(PROBLEM REQUIREMENTS): Print, word for word, the opening line of the data below and every line after it through the line that contains "Setelan alat insulasi", but not the pictures.

[Items listed in a dataset]
=== Section Start ===

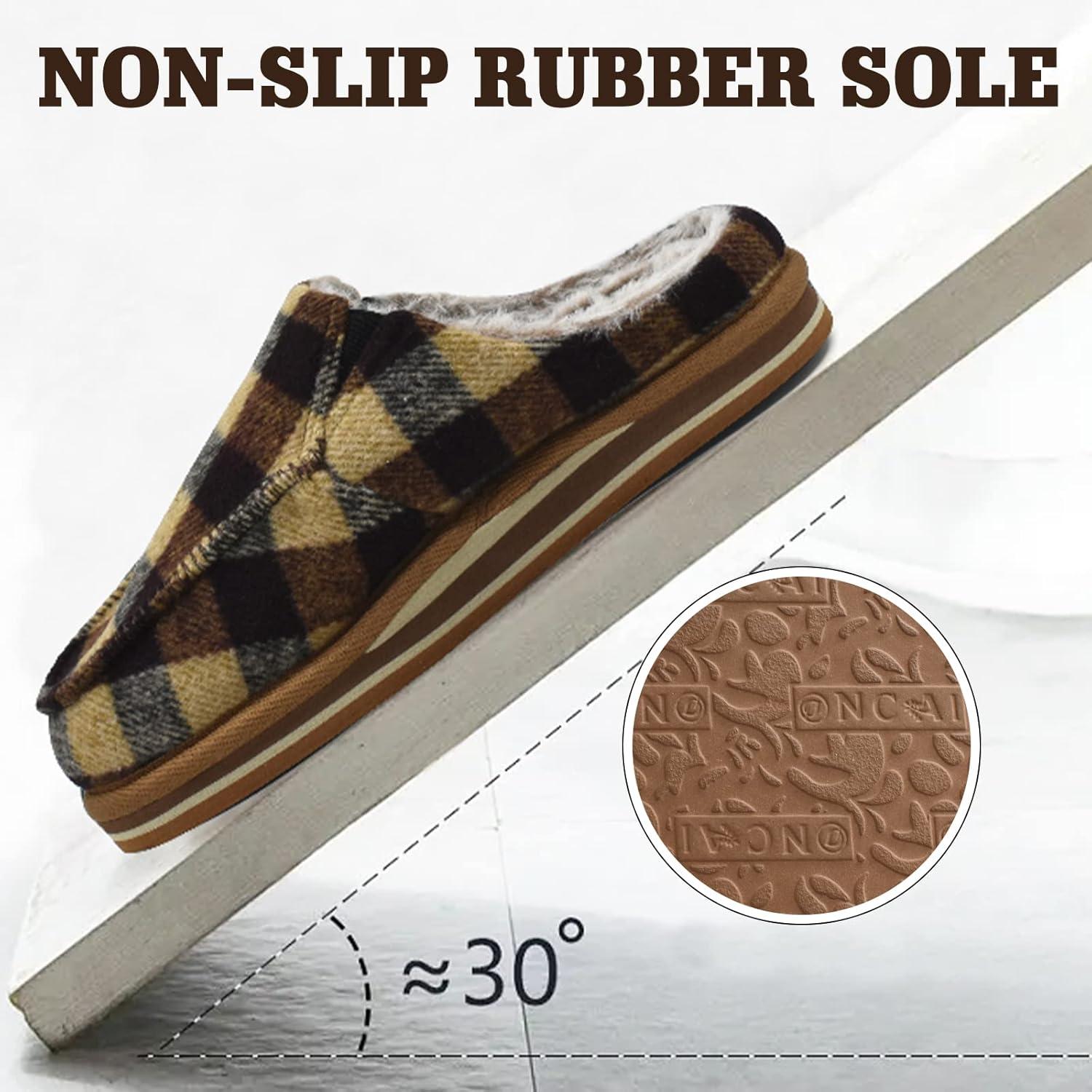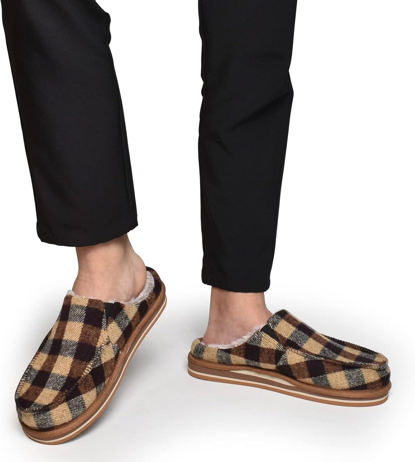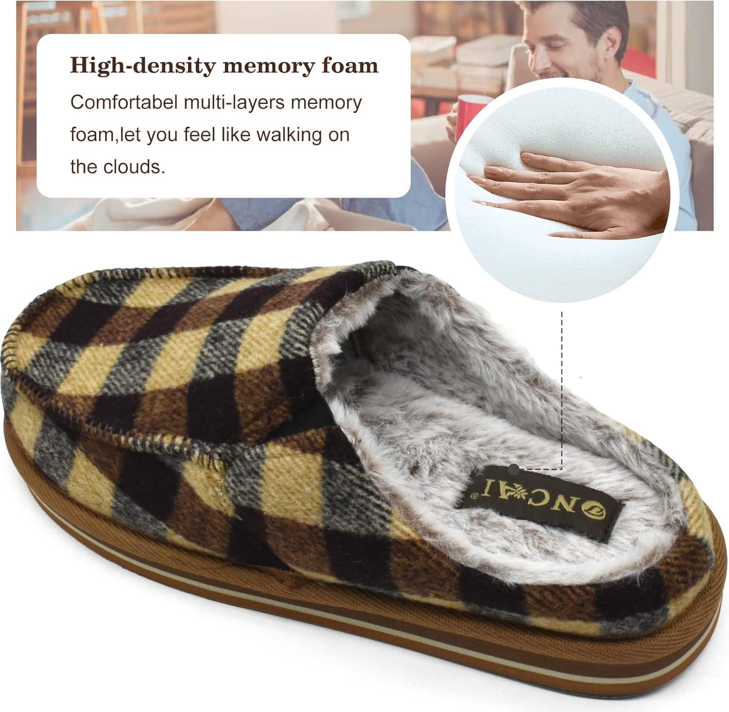 ONCAI Mens Slippers with Arch Support Stripe Faux Fur Cotton-Blend High-Density Memory Foam Warm House Slippers for man Slip-on Indoor Outdoor Rubber Sole Size 7-16(Plaid Khaki)
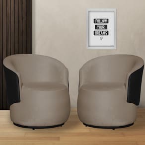 Kit 2 Poltronas Organica Beatriz Suede Cappuccino C/ Composê Corano Preto - LM DECOR
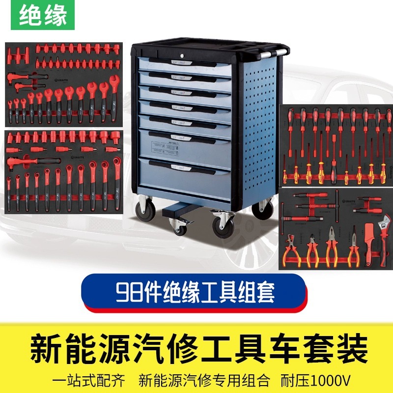 Setelan alat insulasi energi, 98 buah setelan peralatan pemeliharaan kendaraan energi baru, perbaikan mesin troli, isolasi VDE
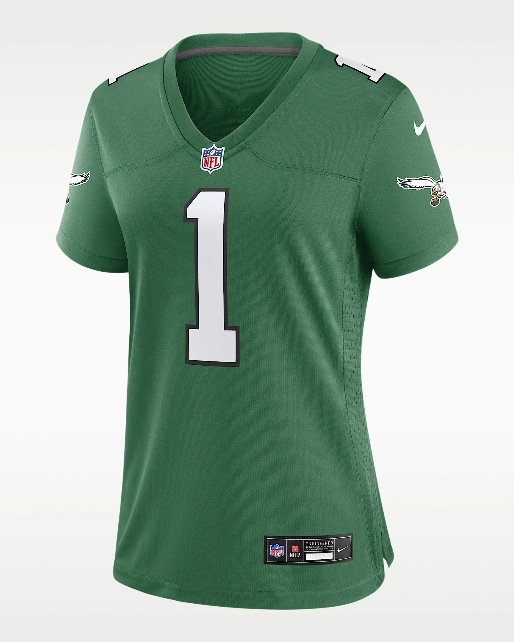 Rep one of your team's top stars with this Philadelphia Eagles Jersey. Proper ventilation and a form fit help provide a dry, comfortable wear with the authentic look of the on-field uniform. Benefits - Screen-printed name, number and team mark offer lightweight durability. - Ventilation over major heat zones helps keep you cool. Product Details - Standard fit for a relaxed, easy feel - NFL shield at V-neck - Tagless neck label - Woven jock tag - 100% polyester - Machine wash - Imported - Shown: Kelly Green - Style: 67NW03T786F-CY0
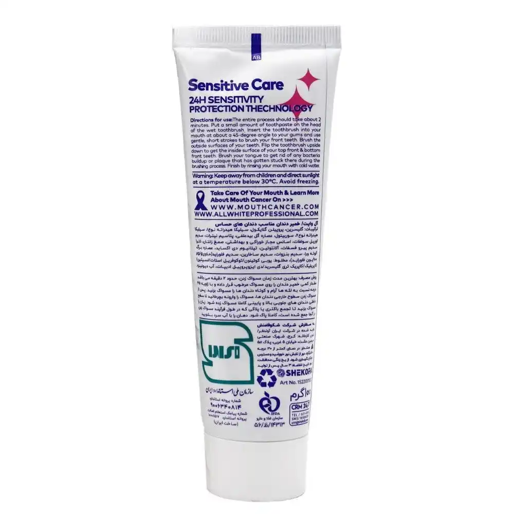 خمیردندان آل وایت مدل Sensitive Care | مناسب دندانهای حساس | ۱۰۰ گرم
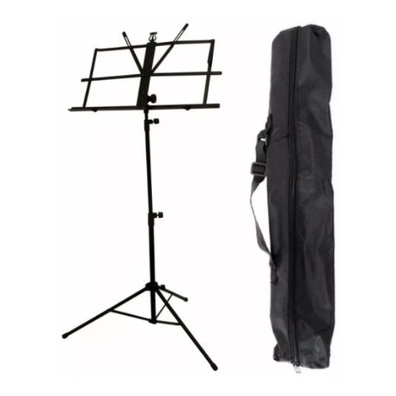 Somos a Eletromusic Loja Especializada a mais de 10 anos no Mercado. Qual e o nosso diferencial? Buscamos sempre oferecer qualidade com excelencia por isso todos os nossos produtos sao de Fornecedores Nacionais com rigoroso controle de qualidade, possuem nota fiscal eletronica e garantia de fabrica. Voce e bem vindo para fazer parte da nossa historia. Especificacoes tecnicas: - Estante de partitura metalica preta. - Pedestal retratil. - Suporte dobravel. - Regulagem telescopica com 2 estagios. - Pes emborrachados. - Fixacao de folhas. - Montagem simples e facil. - Inclui capa com alca regulavel. - Medida sem capa: 53 x 9 x 5 cm - Medida com capa: 60 x 10 x 6 cm - Altura maxima: 135 cm - Altura minima: 65 cm - Book Plate: 28 x 46 cm
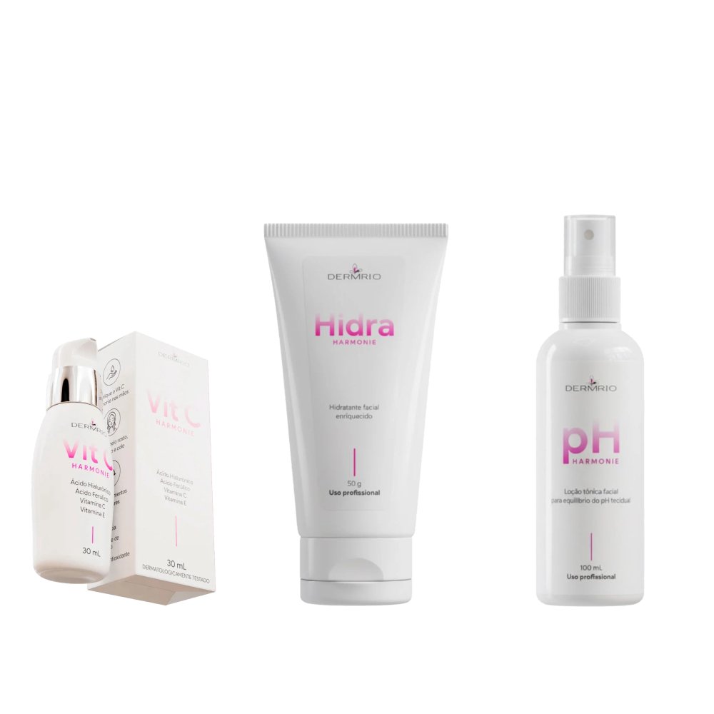 Kit promocional exclusivo contendo: Vitamina C 20% 30mL, Hidra Harmonie, pH Harmonie.
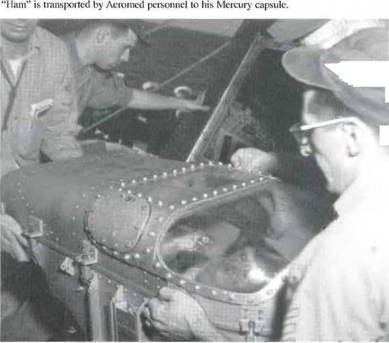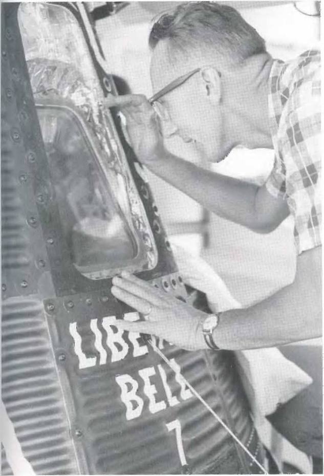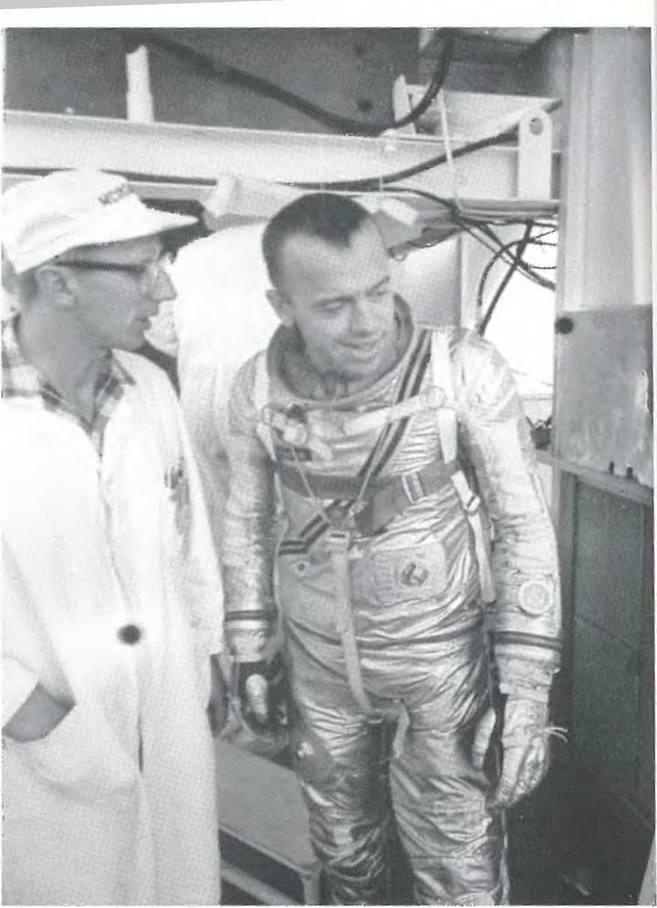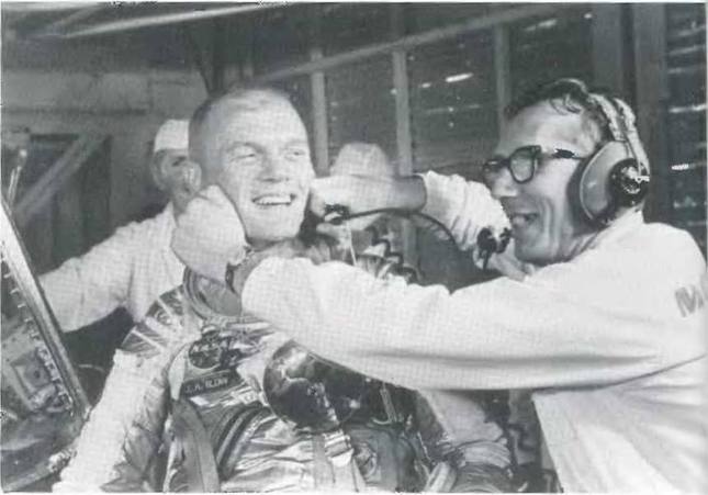 Гюнтер подбадривает астронавта Джона Гленна после особенно долгого сеанса в тесной капсуле «Меркурий» на стартовом столе № 14.
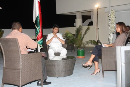 Saisissant l’occasion d’une question relative à l’arrivée du médiateur dans la crise malgache, Joachim Chissano, Andry Rajoelina affirme qu’il n’a pas invité ce dernier et qu’il n’a su sa visite dans le pays que trois jours avant son séjour. Andry Rajoelina n’a pas insinué qu’il le recevrait en audience aussitôt qu’il rentrera dans la capitale. Au contraire, il a fait comprendre qu’il n’y a pas de crise à résoudre et que le problème doit être résolu entre Malgaches en toute souveraineté et au nom de la fierté nationale. Autrement dit, plus besoin de la communauté internationale qui a tout essayé mais qui a échoué ; et c’est une des raisons pour laquelle, dit-il, il a dissout sa mouvance et s’est désengagé de ces questions de mouvances ; il est aujourd’hui, au dessus de ces questions politiques de mouvances et il veut conduire rapidement le pays jusqu’à l’avènement de la 4e République. C’est à peine s’il n’a pas envoyé l’ancien président du Mozambique promener. Le consensuel et l’inclusif ne marchent plus, signifie-t-il à ses interlocuteurs ; il est en train de mettre en œuvre la transition neutre et c’est la raison pour laquelle il a annoncé qu’il ne sera pas candidat à l’élection présidentielle, réitère-t-il.
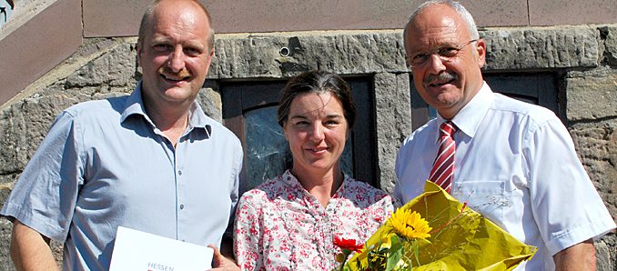 Poppenhausen/Abtsroda. Im Rahmen des Festaktes zum Jubiläum 850 Jahre Abtsroda wurde der Ehrenbrief des Landes Hessen an Matthias Müller verliehen. Bürgermeister Manfred Helfrich, der im Auftrag des Hessischen Ministerpräsidenten Volker Bouffier und in Vertretung von Landrat Bernd Woide in Anwesenheit des Ersten Kreisbeigeordneten Frederik Schmitt die Auszeichnung vornahm, erläuterte die Verdienste des zu Ehrenden: Der Handwerksmeister der Deutschen Bahn, Matthias Müller (47), sei ein positives Beispiel für ehrenamtliches Engagement und ein Vorbild für die Bürgergesellschaft. Mit der Verleihung des Landesehrenbriefes soll die langjährige, engagierte, gemeinwohlorientierte Tätigkeit von Matthias Müller, ein kräftiger Motor im Ortsteil Abtsroda, angemessen gewürdigt werden. Sein herausragendes Engagement hat er insbesondere in den Bereichen Kommunalpolitik und bei der Feuerwehr geleistet.
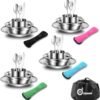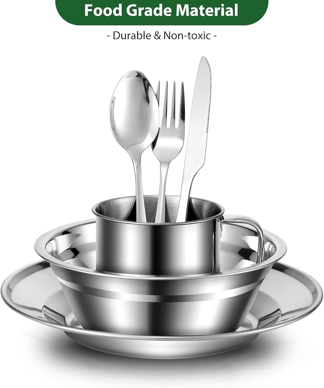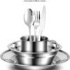 Un juego completo que necesitas: este kit de desorden de camping incluye 29 piezas esenciales. 4 cuencos de 16,0 cm, 4 platos llanos de 20,3 cm, 4 tazas de 10 onzas, 4 cubiertos (4 tenedores, 4 cucharas, 4 cuchillos) con estuches, 1 bolsa de malla de grado alimenticio. Calidad duradera y segura: Hecho de acero inoxidable de alta calidad para garantizar el máximo lujo y durabilidad. A diferencia de los de plástico, este juego no contiene BPA, no mancha ni absorbe olores. Fácil de limpiar y apto para lavavajillas: el juego de tazas y cuencos de camping está diseñado de forma inteligente para ayudar a que la limpieza sea un proceso rápido y sencillo. Además, es apto para lavavajillas para mayor comodidad. Llévalo a cualquier lugar: cada juego de cubiertos se puede empacar en la bolsa de malla de grado alimenticio para un fácil almacenamiento. Puedes recogerlo mientras largas caminatas, camping, picnic, fiesta en la playa y mucho más. Ideal para interiores y exteriores: ideal para acampar familiar, vehículos recreativos y uso doméstico.
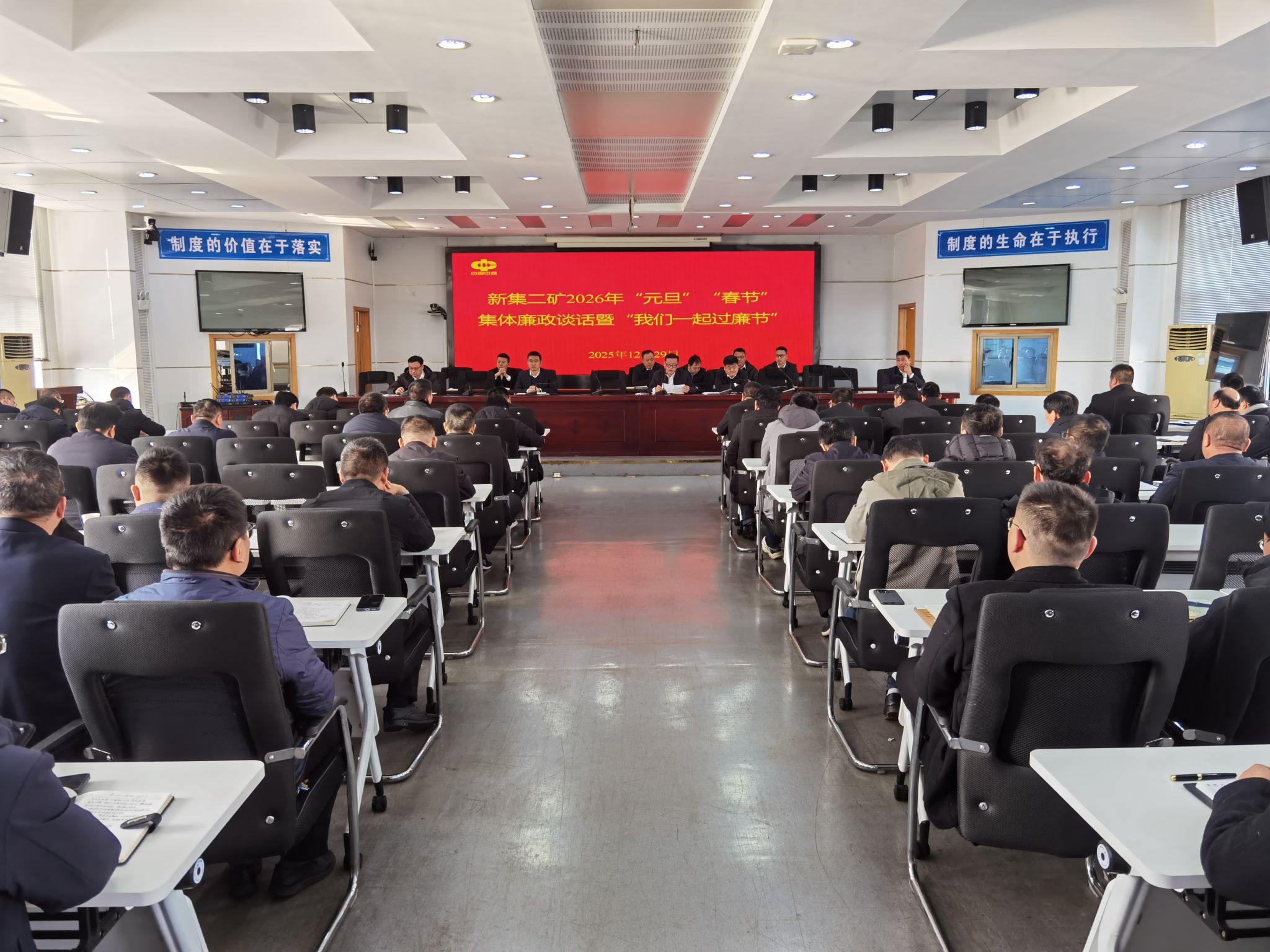 12月29日,新集二矿在行管楼第一会议室召开2026年“元旦”“春节”集体廉政谈话暨“我们一起过廉节”。矿党委书记、副矿长黄德圣等矿领导,基层(副)主管级管理人员参加。
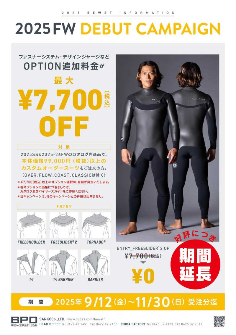 BEWET 2025FW 当店企画ウェットスーツ オーダーフェア
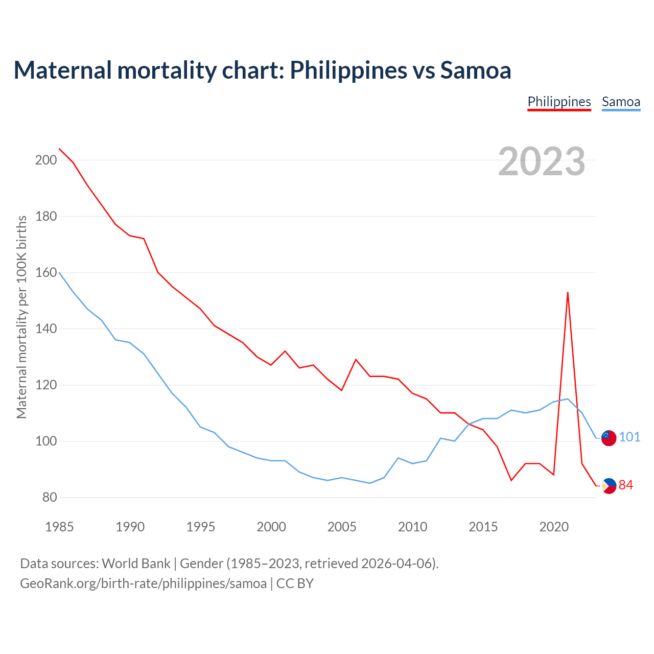 The maternal mortality rate, which is the probability of dying during childbirth or within 42 days of pregnancy termination, is 84 deaths per 100,000 live births in the Philippines, compared to 101 deaths in Samoa.
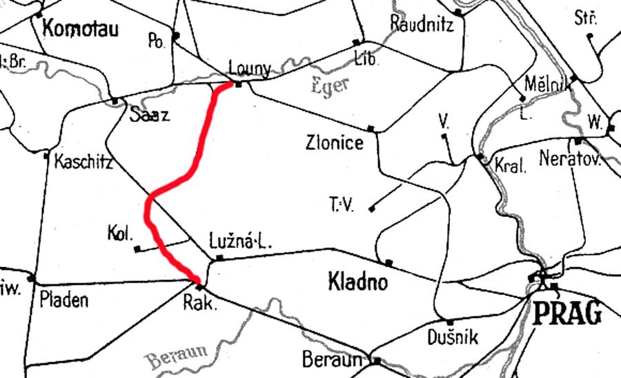 Rakovník (Rakonitz) 0,0 - Louny předměstí (Laun Vorstadt) 44,180 - Louny
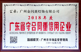 广州金闪熹灯饰有限公司成功获得2018年度广东省“守合同重信用”企业。

=== Section End ===

(SOLUTION TO THIS EXERCISE):
 ONCAI Mens Slippers with Arch Support Stripe Faux Fur Cotton-Blend High-Density Memory Foam Warm House Slippers for man Slip-on Indoor Outdoor Rubber Sole Size 7-16(Plaid Khaki)
 Kit 2 Poltronas Organica Beatriz Suede Cappuccino C/ Composê Corano Preto - LM DECOR
 Setelan alat insulasi energi, 98 buah setelan peralatan pemeliharaan kendaraan energi baru, perbaikan mesin troli, isolasi VDE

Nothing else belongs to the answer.